Church Of All Saints is a Grade II* listed building in the North York Moors National Park local planning authority area, England. First listed on 10 November 1953. A Medieval Church.
Church Of All Saints
- WRENN ID
- woven-steel-mist
- Grade
- II*
- Local Planning Authority
- North York Moors National Park
- Country
- England
- Date first listed
- 10 November 1953
- Type
- Church
- Period
- Medieval
- Source
- Historic England listing
Description
The Church of All Saints is a church dating from the 14th century, with a late 14th-century tower, 15th-century arcades and chancel arch, and significant rebuilding and restoration work undertaken in 1865-66 and 1900. It is a building of group value. The church stands on the north side of High Street in Thornton Dale.

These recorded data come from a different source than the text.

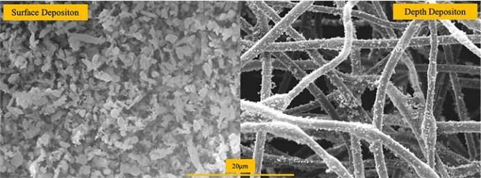 空氣過濾器結構中不可或缺的元素是其濾材,其特性控制過濾程序、過濾器的性能,以及顆粒是否會透過樹枝狀累積或濾餅形成沉積在過濾器的深層或表面,或完全通過過濾器。然而,濾材的不均勻性對過濾器性能預測產生極大挑戰,如圖 2 所示。濾材應具有透氣性、高效性,並具有維持氣流所需的結構完整性,而不會發生改變性能的變形。
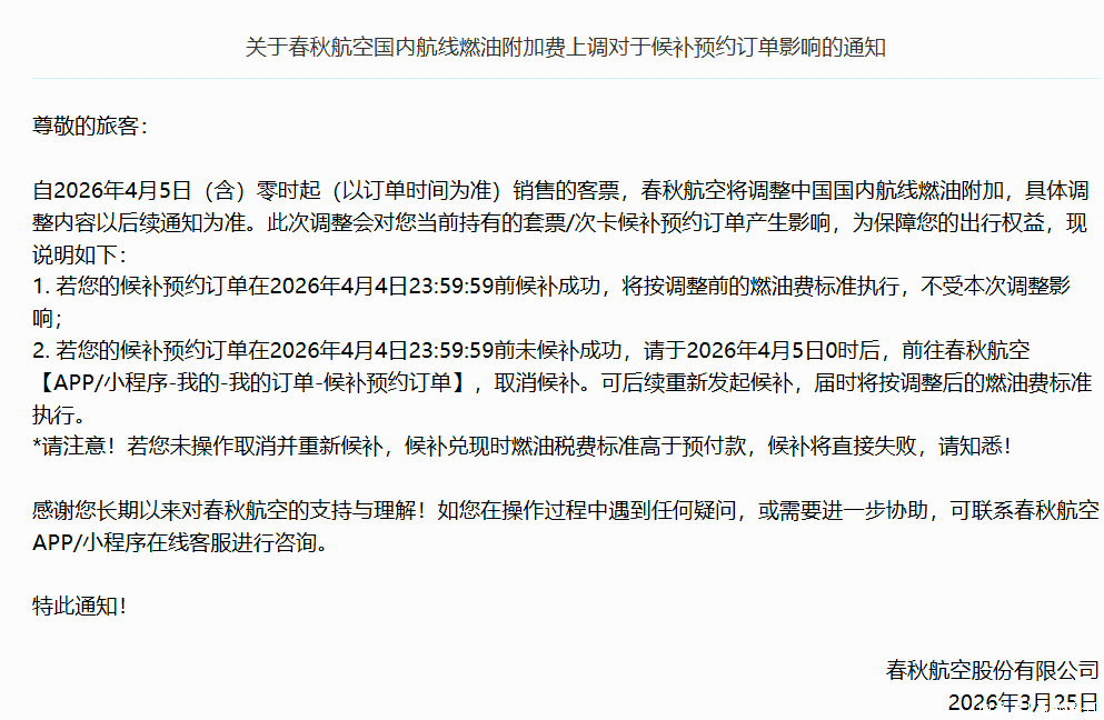 3月25日,春秋航空率先发布通知,自2026年4月5日(含)零时起,按订单时间计算,上调国内航线燃油附加费,具体调整方案以后续通知为准。
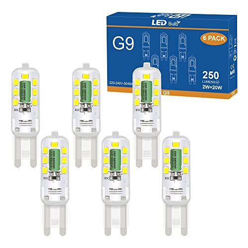Yuiip G9 LED-lampa 2 W, motsvarar 20 W halogenlampor, kall vit 6 000 K energibesparande lampa för 20 W, 25 W halogen, AC 220–240 V, inget flimmer, 360° strålvinkel, G9-stiftsbas, 5-pack
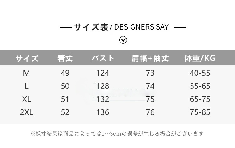サイズ(CM) 【M】着丈49 バスト124 肩幅+袖丈73 体重参考40~55kg
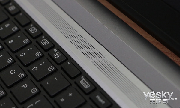 該機電源鍵位于C面左上角,遠離鍵盤避免用戶使用過程中誤觸,開機后電源鍵上白色指示燈會被點亮。與電源鍵相對,在該機C面右上角還有兩枚相對較小的銀色按鍵,分別為WiFi控制和一鍵靜音,簡潔實用。
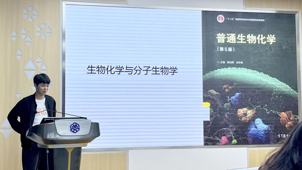 会议伊始,张世祺讲述了聘任学业辅导员的重要性及评选办法,并强调了评选工作的公平、公正、公开。随后,19位学业辅导员候选人依次上台进行PPT教学展示,讲解内容覆盖大学物理、高等数学、有机化学、生物化学、线性代数等重点学科。各位学业辅导员候选人的讲解自然流畅,紧紧围绕题目重难点深入剖析,尽显高专业素养和教学能力。最后,张世祺强调学业辅导员要发挥朋辈教育作用,要走进课堂、走进晚自习,分享自己的学习笔记、心得感悟,为学习困难的同学提供帮助,真正提高同学们的专业素质水平。
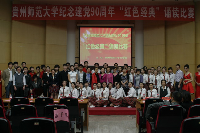 2011年5月17日晚,由文学院主办的纪念建党90周年“红色经典”诵读比赛在田家炳教育书院三楼多功能厅成功举行。出席活动的有校党委组织部副部长岳岚,校党委宣传部副部长李俊,校团委副书记姚作舟,校工会副主席丁敏,院党委书记黄葵,院长易闻晓,副院长湛芬,副院长史光辉,院党委副书记陈明,各学院团总支、学生会的代表、文学院各班辅导员也光临了比赛现场。
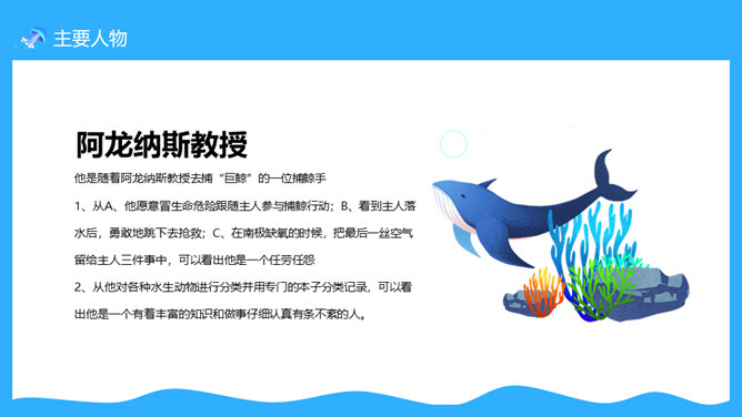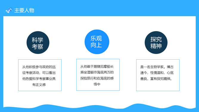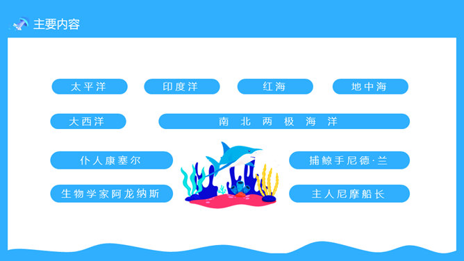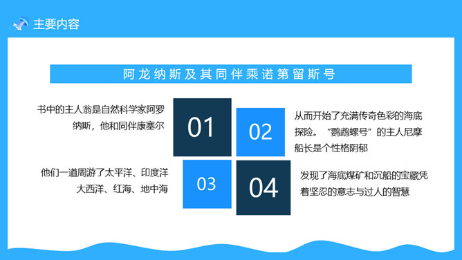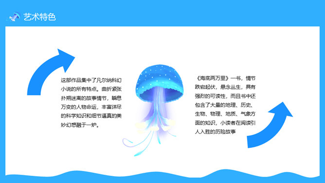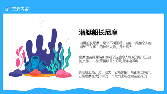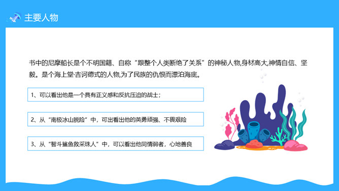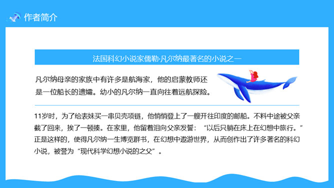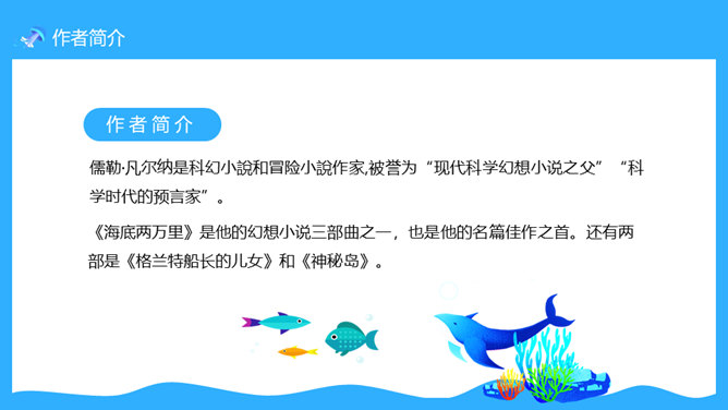 一套法国凡尔纳名著《海底两万里》读书心得分享课件,卡通海底元素设计。凡尔纳母亲的家族中有许多是航海家,他的启蒙教师还是一位船长的遗孀。幼小的凡尔纳一直向往着远航探险。11岁时,为了给表妹买一串贝壳项链,他悄悄登上了一艘开往印度的邮船。不料中途被父亲截了回来,挨了一顿揍。在家里,他留着泪向父亲发誓:“以后只躺在床上在幻想中旅行。”正是这样的,使得凡尔纳一生博览群书,在幻想中遨游世界,从而创作出了许多著名的科幻小说,被誉为“现代科学幻想小说的之父”。所属专题:海底两万里ppt。
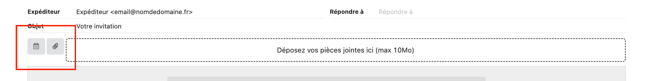 Le bouton représenté par l'icône trombone vous permet de joindre un fichier à votre e-mail ou de joindre le badge de l'évènement.
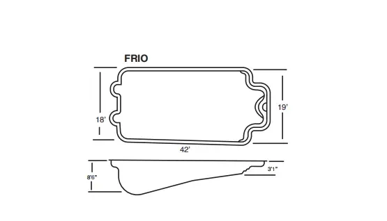 The Frio is all about balance. At 42’ x 18’ with a diving-ready deep end and ample shallow space, it accommodates both swimmers and loungers. Its total area exceeds 750 square feet.
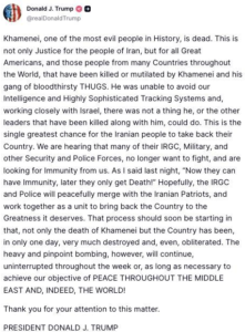 ด้านประธานาธิบดีโดนัลด์ ทรัมป์ ของสหรัฐฯ โพสต์ข้อความบนทรูธโซเชียล ระบุว่า คาเมเนอี หนึ่งในบุคคลที่ชั่วร้ายที่สุดในประวัติศาสตร์ เสียชีวิตแล้ว โดยไม่ได้เปิดเผยแหล่งที่มาของข้อมูล พร้อมเสริมว่า นี่ไม่ใช่เพียงความยุติธรรมสำหรับประชาชนอิหร่านเท่านั้นแต่ยังเพื่อชาวอเมริกันผู้ยิ่งใหญ่ทุกคน และผู้คนจากหลายประเทศทั่วโลกที่ถูกคาเมเนอีและพวกอันธพาลกระหายเลือดของเขาฆ่าหรือถูกทำร้ายจนพิการ ทรัมป์ กล่าวด้วยว่า ประเทศนี้ถูกทำลายอย่างหนักภายในเวลาเพียง 1 วัน และถึงขั้นถูกลบล้าง อย่างไรก็ตาม การทิ้งระเบิดอย่างหนักหน่วงและแม่นยำจะยังดำเนินต่อไปอย่างไม่หยุดชะงักตลอดทั้งสัปดาห์หรือจนกว่าจะบรรลุเป้าหมายของเรา
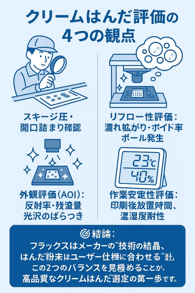 クリームはんだの基本構造から、保存・印刷・リフロー・評価・AOI適合までを体系的に解説します。

The church is constructed from dressed sandstone on chamfered plinths, with sandstone ashlar for the porch and a stone-flagged roof. It comprises a west tower, a four-bay double-aisled nave, a south porch, and a chancel with a vestry. The four-stage tower has battlements, crocketed pinnacles, and diagonal buttresses with offsets. It features two-light mullion and transom louvred bell openings on each face, set beneath pointed hood-moulds which form an impost band. The west window has three lights with reticulated tracery beneath a pointed hood-mould on corbel heads. The nave has diagonal buttresses. The gabled south porch contains a pointed doorway of two chamfered orders, while a segment-headed north door is also present, both with hood-moulds on corbel heads. Most windows have been rebuilt as two-light openings, with the exception of a single trefoil-headed light to the right of the north door. A continuous hood-mould with labels is a feature. The chancel has a shouldered priest's door to the centre of the south wall, beneath a rebuilt two-light window, with similar windows on either side. A small, ogee-arched window is located to the west, and a diagonal buttress to the east. The rebuilt east window has three lights with reticulated tracery beneath the original pointed hood-mould on corbel heads.
Inside, the tower arch is tall and narrow, featuring two chamfered orders. The north and south arcades have double-chamfered pointed arches on piers with four shafts, roll mouldings, fillets and annulets. The tall, pointed chancel arch has two chamfered orders on half-octagonal piers. A 14th-century piscina and restored sedilia are present in the chancel's south wall, along with a 14th-century cusped and pointed tomb niche containing a sculpted figure of a lady with a crocketed canopy above her head and a dog at her feet; armorial shields suggest she may be Lady Beatrice Hastings. Other monuments include a memorial to John Hill (died 1773) by Fisher of York – a detached urn on a tall, carved pedestal in a trefoil-headed niche – and a wall tablet to Richard Johnson Hill (died 1793). Brass tablets are dedicated to John Porter (died 1686), Jane Porter (died 1705), and Thomas Mason and his wife (both died 1744).